_What you are asked to do_
Write out again the lines from the line with "Natural Oval Sky" up to and including the line with "Nel tondo l’ape", exactly as they stand below, and skip any picture.
==== Task data
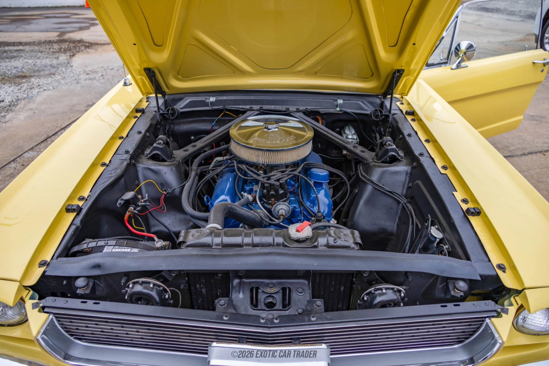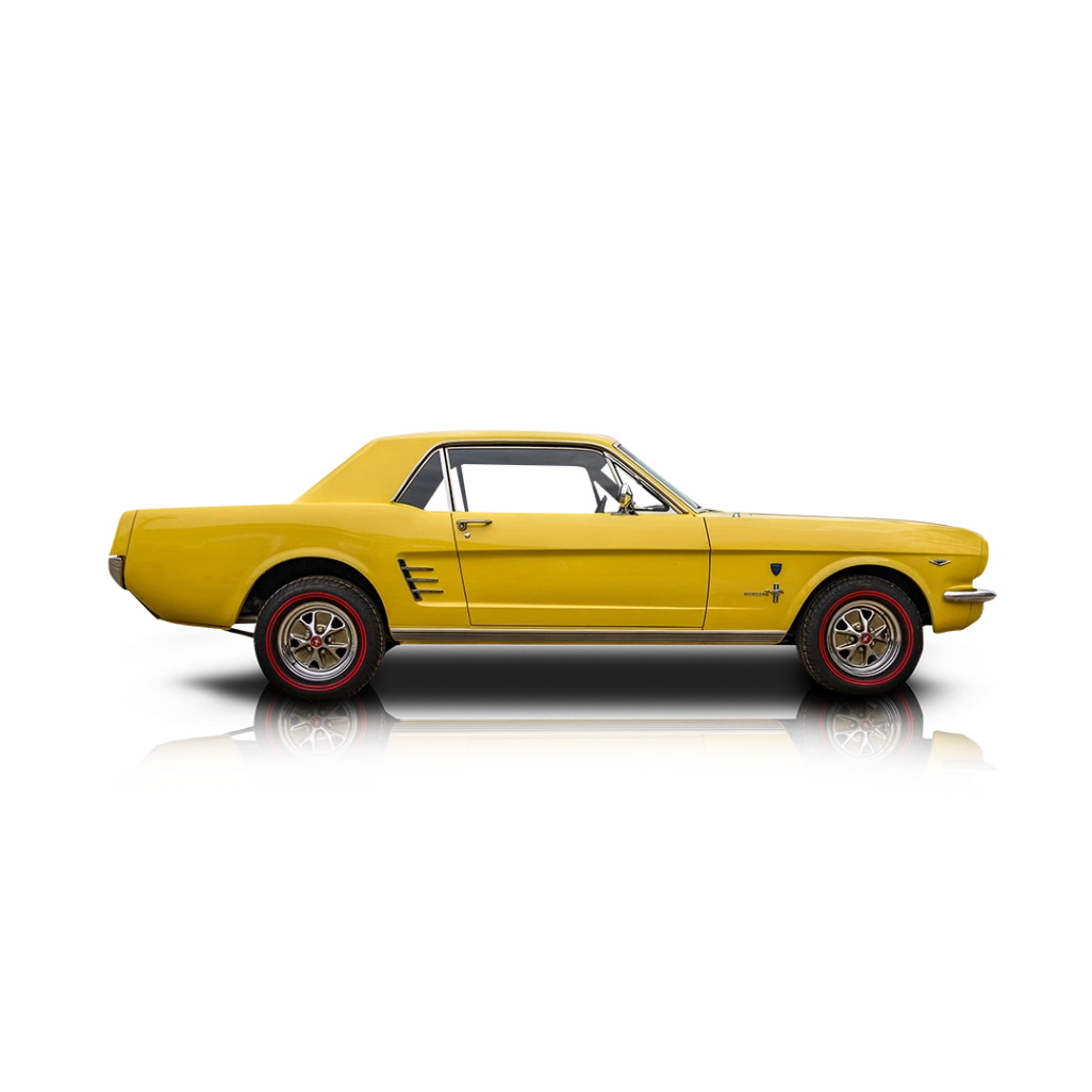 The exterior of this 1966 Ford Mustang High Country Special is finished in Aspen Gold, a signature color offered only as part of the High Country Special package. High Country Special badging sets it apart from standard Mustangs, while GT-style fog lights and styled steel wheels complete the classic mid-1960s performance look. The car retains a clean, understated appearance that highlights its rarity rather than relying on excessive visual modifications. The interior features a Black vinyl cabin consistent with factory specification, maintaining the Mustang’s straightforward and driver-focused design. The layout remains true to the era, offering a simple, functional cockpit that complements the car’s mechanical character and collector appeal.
========
==== Task data
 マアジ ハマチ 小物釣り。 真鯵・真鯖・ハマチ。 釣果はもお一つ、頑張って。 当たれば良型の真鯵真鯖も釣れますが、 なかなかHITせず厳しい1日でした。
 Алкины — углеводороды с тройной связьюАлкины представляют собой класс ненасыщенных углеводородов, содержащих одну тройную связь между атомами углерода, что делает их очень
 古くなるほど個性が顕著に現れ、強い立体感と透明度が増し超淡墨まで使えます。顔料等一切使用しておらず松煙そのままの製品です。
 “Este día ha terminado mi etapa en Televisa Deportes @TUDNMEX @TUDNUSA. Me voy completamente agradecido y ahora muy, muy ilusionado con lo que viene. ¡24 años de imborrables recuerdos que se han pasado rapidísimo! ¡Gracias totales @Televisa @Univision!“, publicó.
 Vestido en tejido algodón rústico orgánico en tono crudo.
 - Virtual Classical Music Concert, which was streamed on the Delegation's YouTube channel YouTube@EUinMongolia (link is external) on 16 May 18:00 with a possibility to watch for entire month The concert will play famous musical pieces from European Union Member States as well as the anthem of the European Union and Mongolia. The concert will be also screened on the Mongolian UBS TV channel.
========
==== Task data
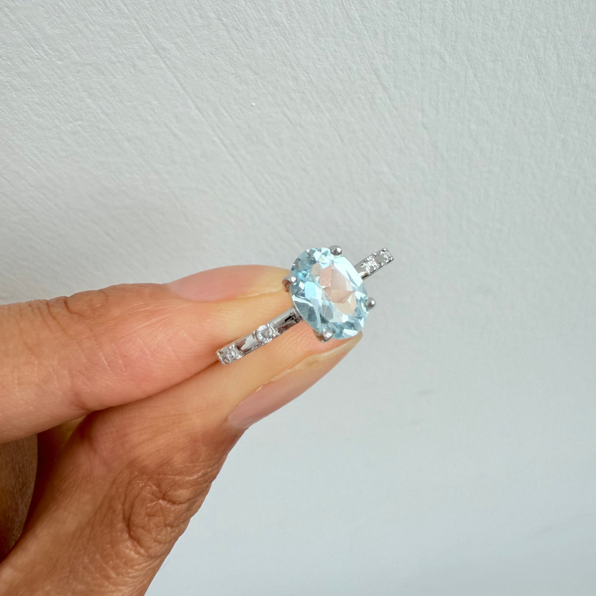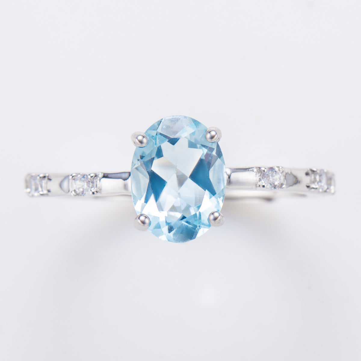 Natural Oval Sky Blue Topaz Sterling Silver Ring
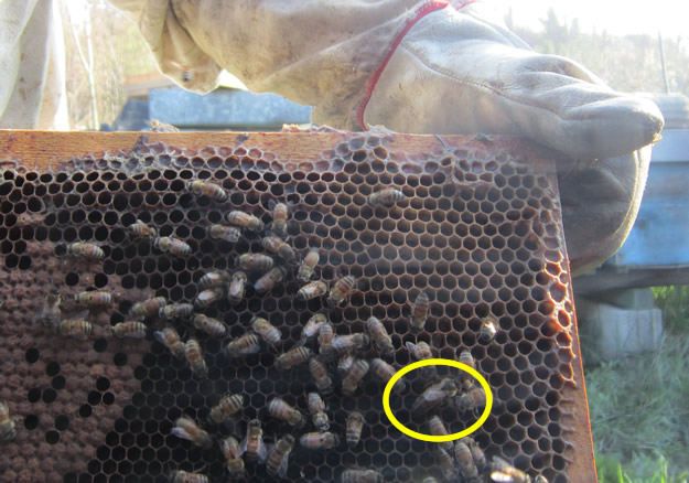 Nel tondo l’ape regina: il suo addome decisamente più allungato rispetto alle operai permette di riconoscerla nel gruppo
========
_Task output_
 Natural Oval Sky Blue Topaz Sterling Silver Ring
 Nel tondo l’ape regina: il suo addome decisamente più allungato rispetto alle operai permette di riconoscerla nel gruppo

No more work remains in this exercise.